### ASSIGNED TASK
Reproduce the listing below from the line with "현대백화점그룹 계열사이자 식품" to the line with "NĂM HỌC 2022", both lines included, character for character, minus any pictures.

### RECORDS TO PROCESS
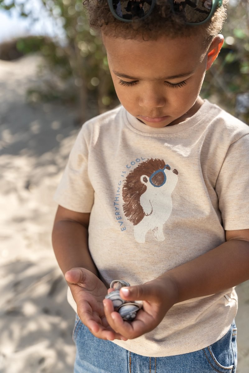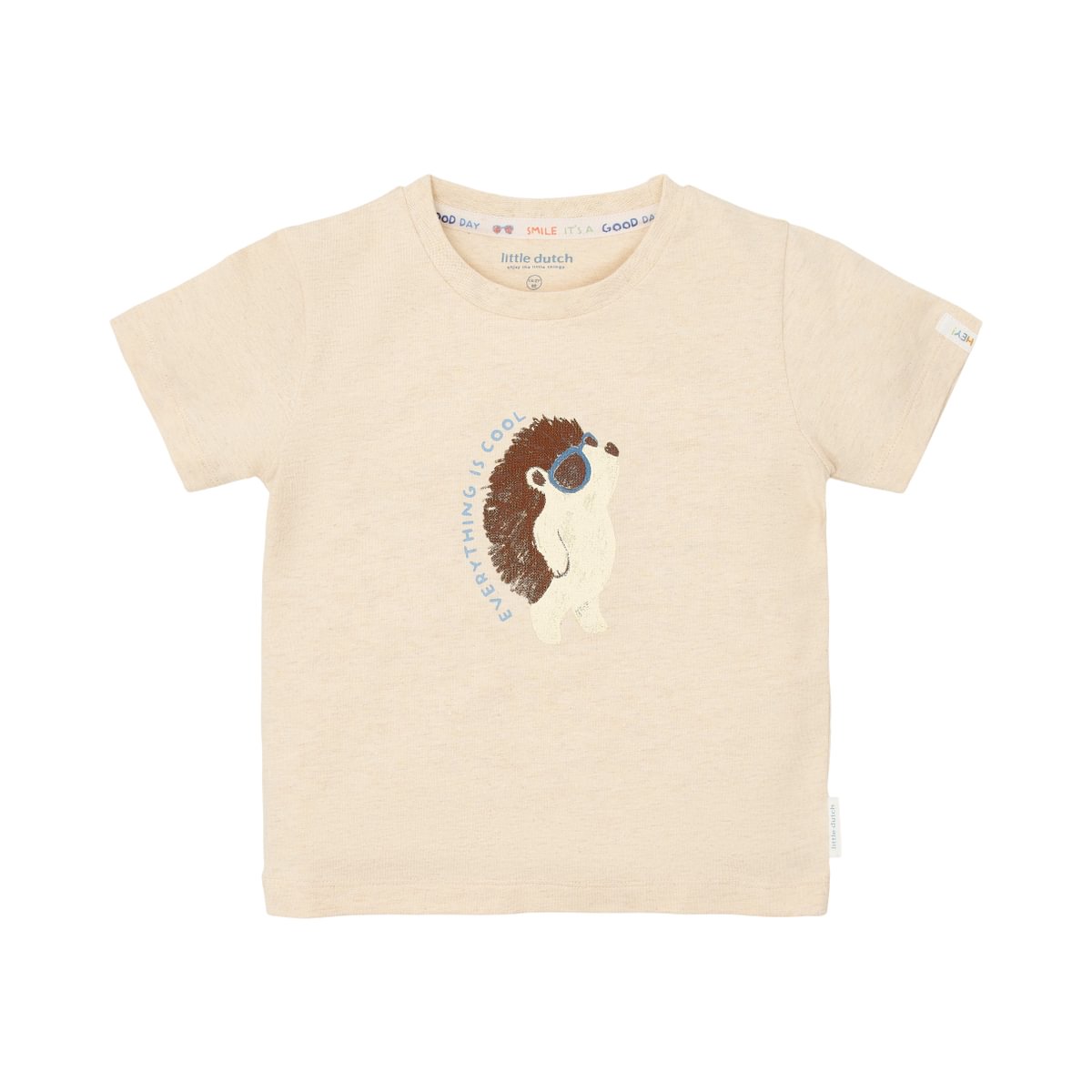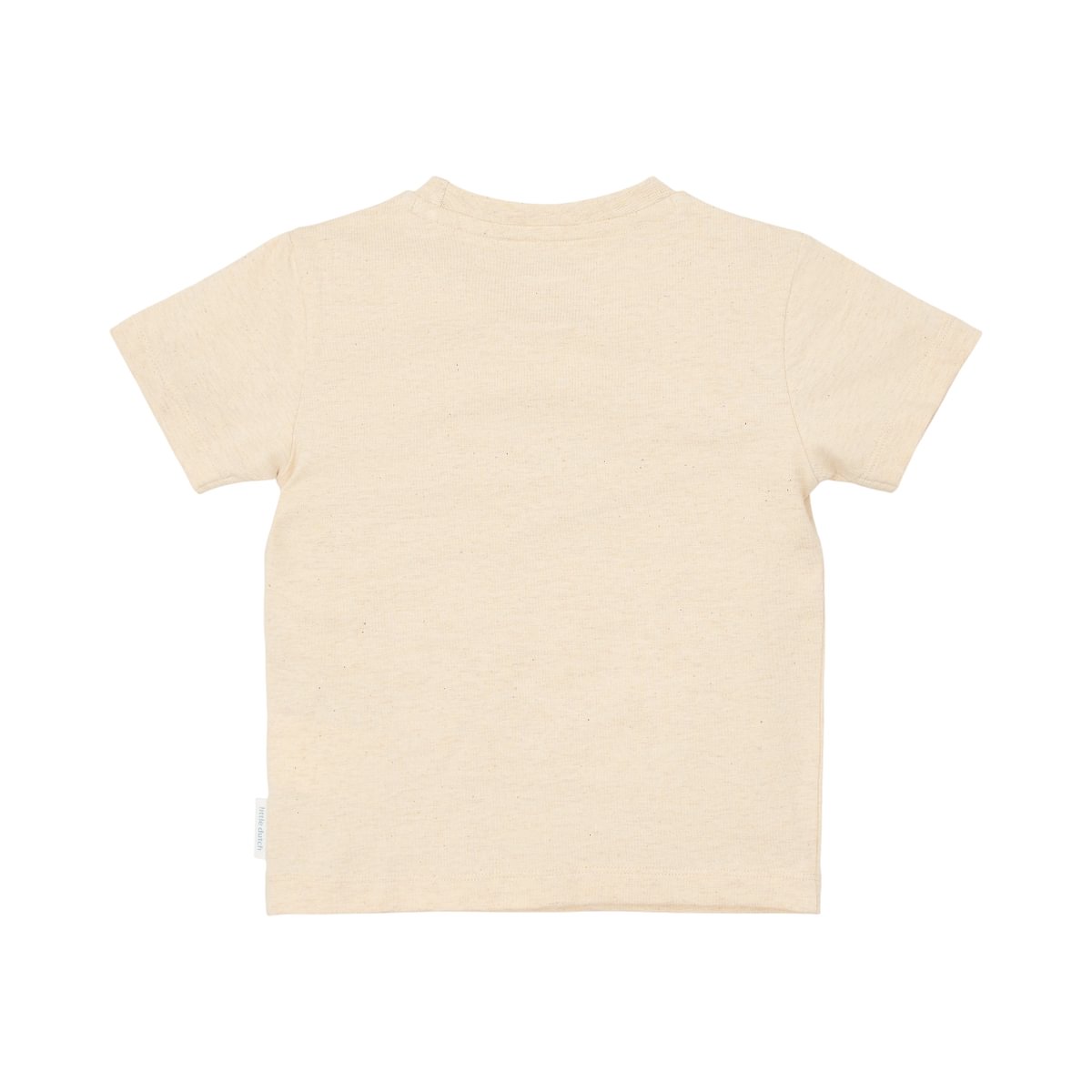 T-shirt met korte mouw in tricot in het beige-melee met een klein print ‘everything is cool’. Een drukknoopsluiting op de schouder. Stofsamenstelling biologisch katoen(95%) en elastaan(5%). Comfortabel en goed draag- en wasbaar. (OEKO TEX = Veiligheid Standard)
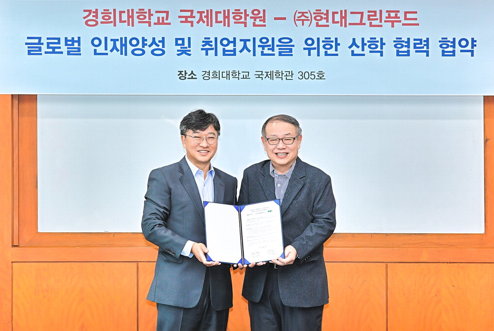 현대백화점그룹 계열사이자 식품 제조 기업인 현대그린푸드가 경희대 국제대학원과 글로벌 인재 육성·취업 지원을 위한 양해각서(MOU)를 체결했다고 17일 밝혔다.
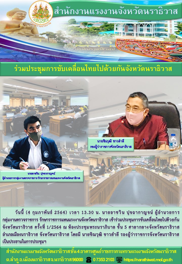 แรงงานจังหวัดนราธิวาส ร่วมประชุมการขับเคลื่อนไทยไปด้วยกันจังหวัดนราธิวาส
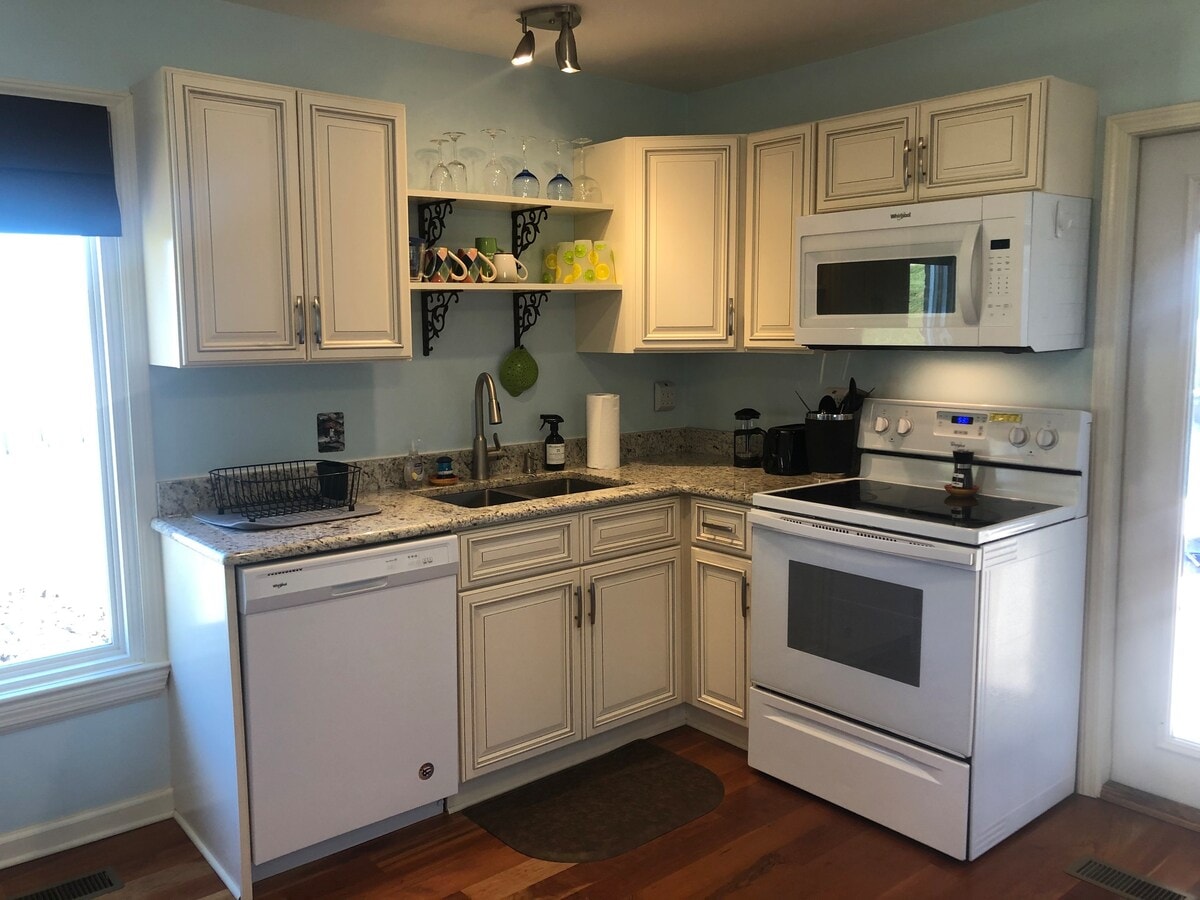 Détendez-vous en famille dans ce chalet entièrement rénové construit dans les années 1940. Doté de deux chambres avec beaucoup d'espace de détente confortable. Profitez de la cour arrière avec un jacuzzi (gonflable) et un éclairage de nuit. Faites griller sur le charbon de bois ou détendez-vous près du feu. Juste à portée de voix du verger de pommiers où vous pourrez satisfaire vos papilles avec une pomme fraîche croquante, un granité au cidre de pomme ou une tarte aux pommes frite. Bien que rurale, cette maison est à seulement 4 miles de l'autoroute 40 ! À environ une heure d'Asheville et de Charlotte.
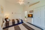 The second master bedroom hosts a queen size bed, perfect for either a single use with enough space or a couple. This bedrooom has it's own bathroom.
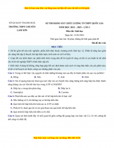 NĂM HỌC 2022 – 2023 – LẦN 1 LAM SƠN Môn thi: Sinh học Ngày thi: 11/01/2023
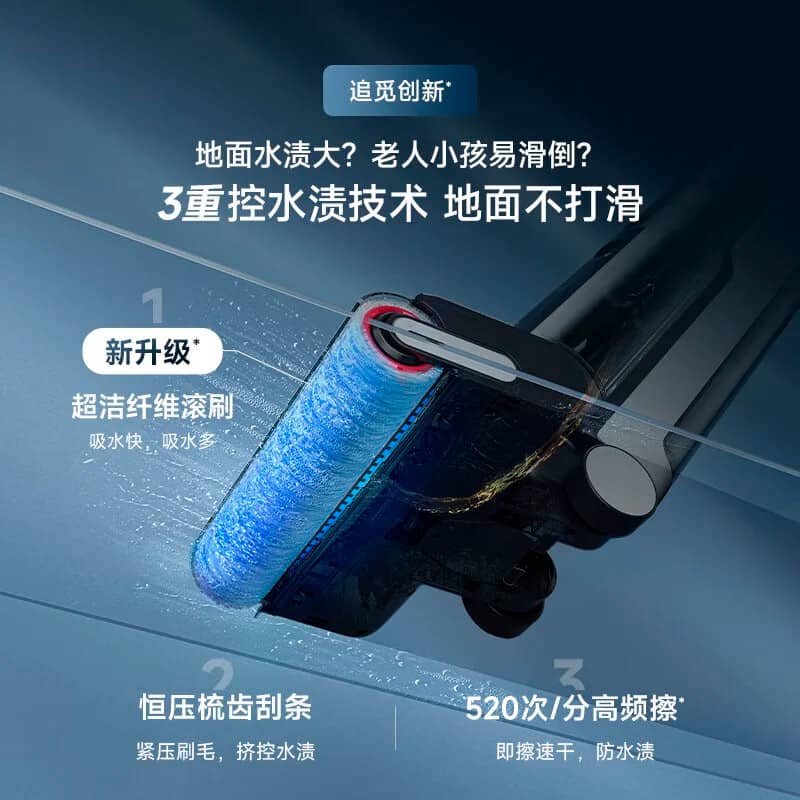 Dreame H2O Super Power Edition включає технологію потрійного контролю за плямами води, включає щітку із суперчистої волокнистої ворсини, яка швидко вбирає воду, зубчасті гребені постійного тиску видаляють надлишок води, високочастотне витирання миттєво висушує підлогу, мінімізуючи ризик ковзання та падіння.

### YOUR RESPONSE
 현대백화점그룹 계열사이자 식품 제조 기업인 현대그린푸드가 경희대 국제대학원과 글로벌 인재 육성·취업 지원을 위한 양해각서(MOU)를 체결했다고 17일 밝혔다.
 แรงงานจังหวัดนราธิวาส ร่วมประชุมการขับเคลื่อนไทยไปด้วยกันจังหวัดนราธิวาส
 Détendez-vous en famille dans ce chalet entièrement rénové construit dans les années 1940. Doté de deux chambres avec beaucoup d'espace de détente confortable. Profitez de la cour arrière avec un jacuzzi (gonflable) et un éclairage de nuit. Faites griller sur le charbon de bois ou détendez-vous près du feu. Juste à portée de voix du verger de pommiers où vous pourrez satisfaire vos papilles avec une pomme fraîche croquante, un granité au cidre de pomme ou une tarte aux pommes frite. Bien que rurale, cette maison est à seulement 4 miles de l'autoroute 40 ! À environ une heure d'Asheville et de Charlotte.
 The second master bedroom hosts a queen size bed, perfect for either a single use with enough space or a couple. This bedrooom has it's own bathroom.
 NĂM HỌC 2022 – 2023 – LẦN 1 LAM SƠN Môn thi: Sinh học Ngày thi: 11/01/2023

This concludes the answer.